O Brother, Where Art Thou? (2000)
Best of a great lot
I liked this movie best of all the Coen brothers movies, and I think more than anything it was the soundtrack, which seemed to carry the characters, as well as us, through the story. Plus, it takes place in that Coen brothers world that seems like reality, except nobody in it is like anybody you ever met. Delmar is the key.
Side Show (1931)
More Charles Butterworth
This is not a distinguished or interesting movie, but Charles Butterworth is always worth seeing. He seems to be doing some deadpan vaudeville routine all the time, and I guess you would either think it's funny or you don't, and I do. Plus, the hat gags, especially the one with an elephant and his keeper, are good.
Romeo + Juliet (1996)
Good time
I thought this was a good damn time at the movie. Put it with Strictly Ballroom, and ya got two good damn times at the movies. There are lots of ways to do Shakespeare, and this one had a good beat and was easy to dance to. So they couldnt read the lines. They looked fabulous, the music was terrific, it was exciting, and the story cant be beat. On to Macbeth.
High Fidelity (2000)
Top 5 soundtrack movie
Top 5 Chicago movie with top 5 soundtrack.
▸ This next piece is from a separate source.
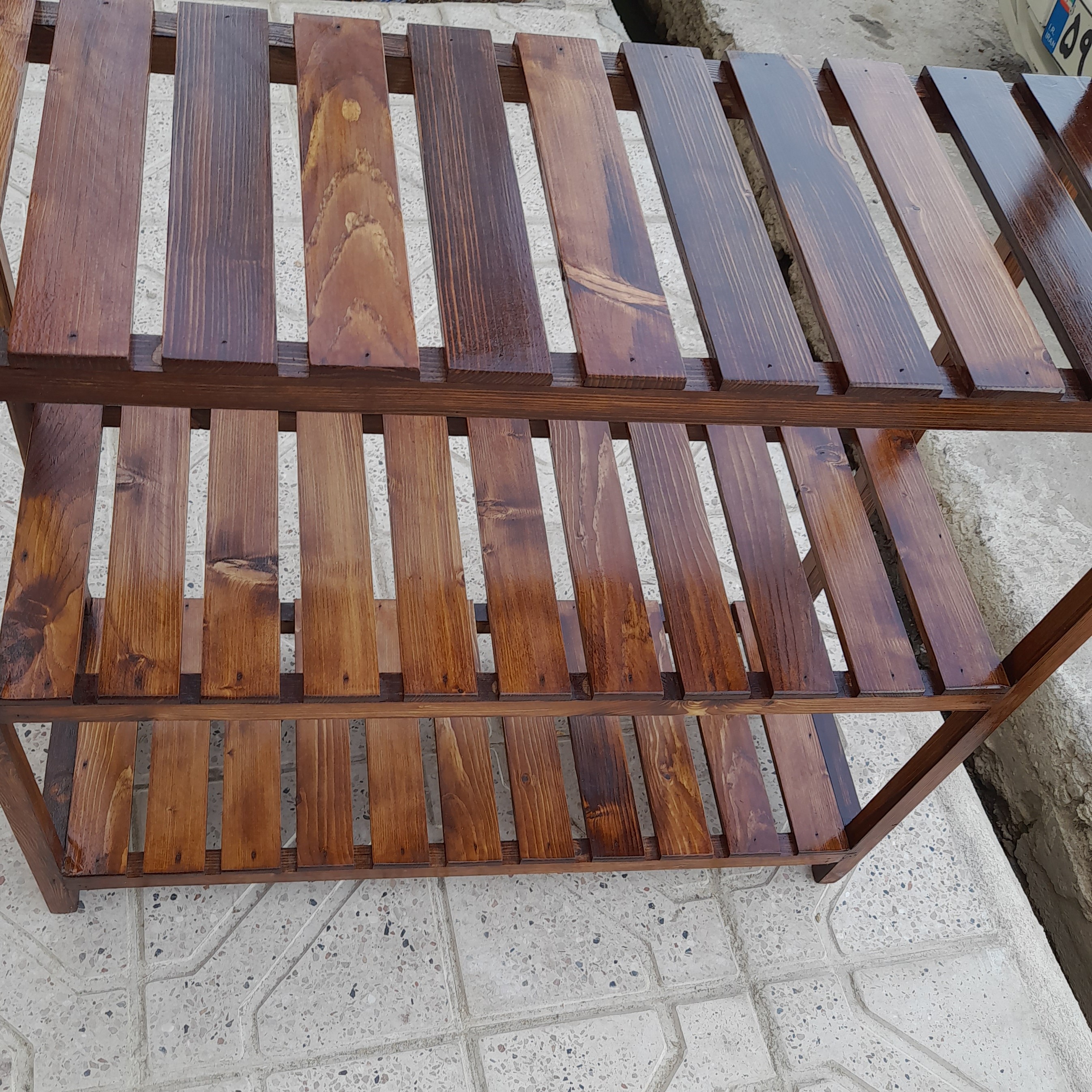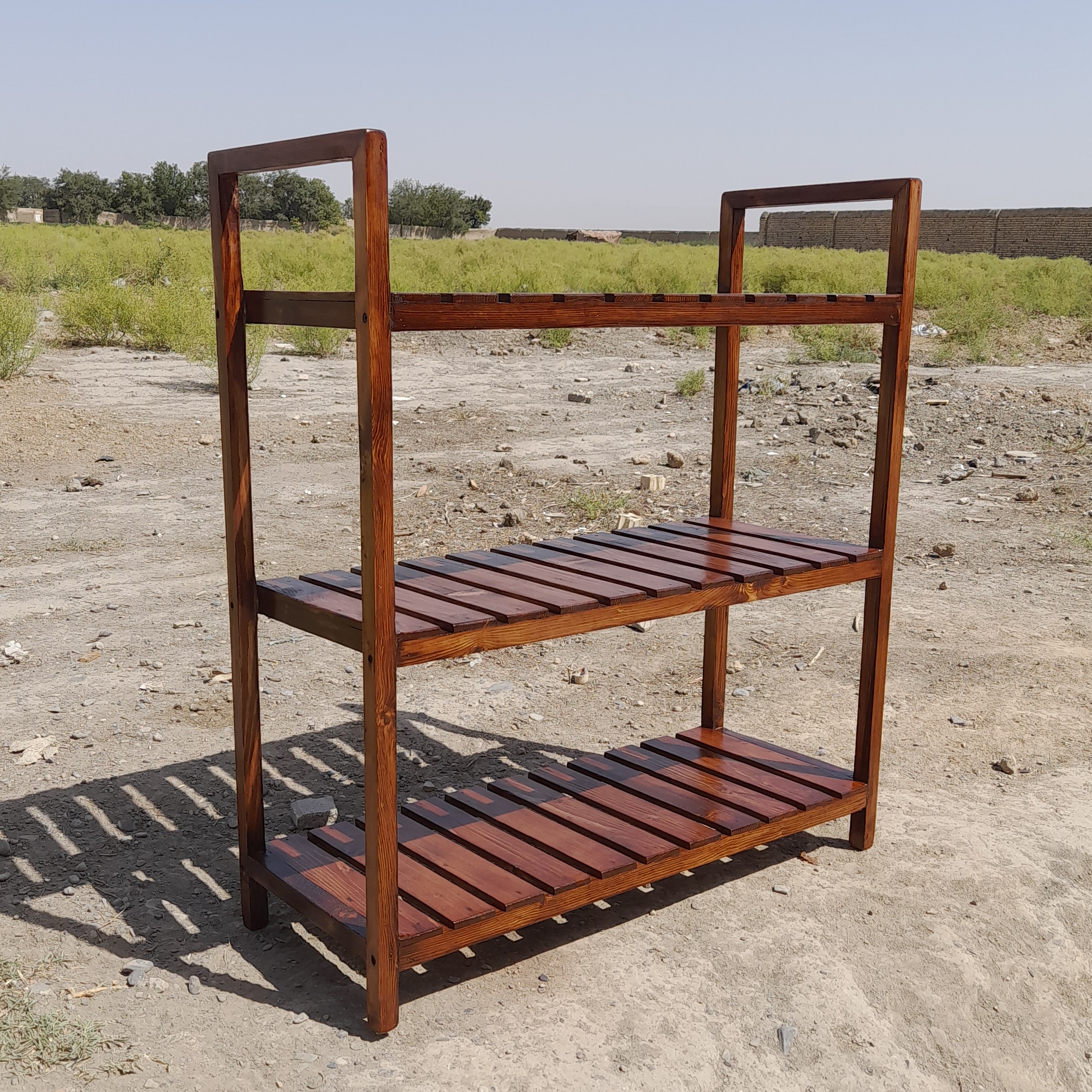 جاکفشی چوبی سه طبقه ابعاد این نمونه کار به طول ۸۲ سانتی متر در ارتفاع ۹۰ سانتی متر و عمق ۳۲سانتی میباشد فاصله بین طبقات ۲۸ سانتیمتر میباشد ساخته شده از چوب روس قابل سفارش در رنگبندی های قهوهای تیره و روشن و کرم روشن

Thoroughly enjoyable movie about what jerks men are, but there is hope if they have the right music and woman to help them come to grips with real life. Terrific cast, superbly executed.
Topsy-Turvy (1999)
Movie about a topsy turvy world
One thing about the Mike Leigh movies I have seen is that you cant really tell from the performances who they are about -- all the characters here, from Gilbert and Sullivan to the boy who makes stage calls seem like real people, with real lives. The movie is about a web of relationships, not a main character. It is also a topsy turvy world -- Gilbert and Sullivan seem to toss of these lighthearted entertainments, but in truth, they and all the other characters struggle with great tragedies and challenges. As the film winds down, one thinks it is another story of pulling together a hit, like Shakespeare in Love, or countless backstage dramas, however well done. But in the closing scenes we are reminded that not only the Mikado, but this comforting illusion are fiction. Movies like this (and American Beauty, for example) are more like books than they are like much of the fluff in popular movies.
Zulu (1964)
Terrific movie
I have liked this movie since I saw it as a kid on late night TV. Baker and Caine are great, Color Sergeant Bourne is a classic, Hook is a hoot (though the real Hook was a teetotaler, so is libeled), and all the cast is finely realized. Even the Zulus, who dont say a word, have majesty. Plus the singing attack at the end is thrilling. I like this movie so much, I almost bought one of the rifles when I saw it on sale at a pawn shop.
The Hot Rock (1972)
Pretty good, though I never heard of it
I had never heard of this movie til I saw it one night on AMC, but it has an outstanding cast, great New York scenes, and a perfect early 1970's feel, gritty but not seriously ominous. Plus, Zero Mostel seems to have stepped in from a different movie, if not a different universe, and adds a nice surreal touch to the last half. I would say it was one of the better caper movies, and one of the better New York movies.
American Beauty (1999)
Terrific
This is one of the 10 best movies I have ever seen. It is the whole package -- story, characters, acting, photography. One of those magic films like Citizen Kane or the first two Godfathers that make the movies worthwhile.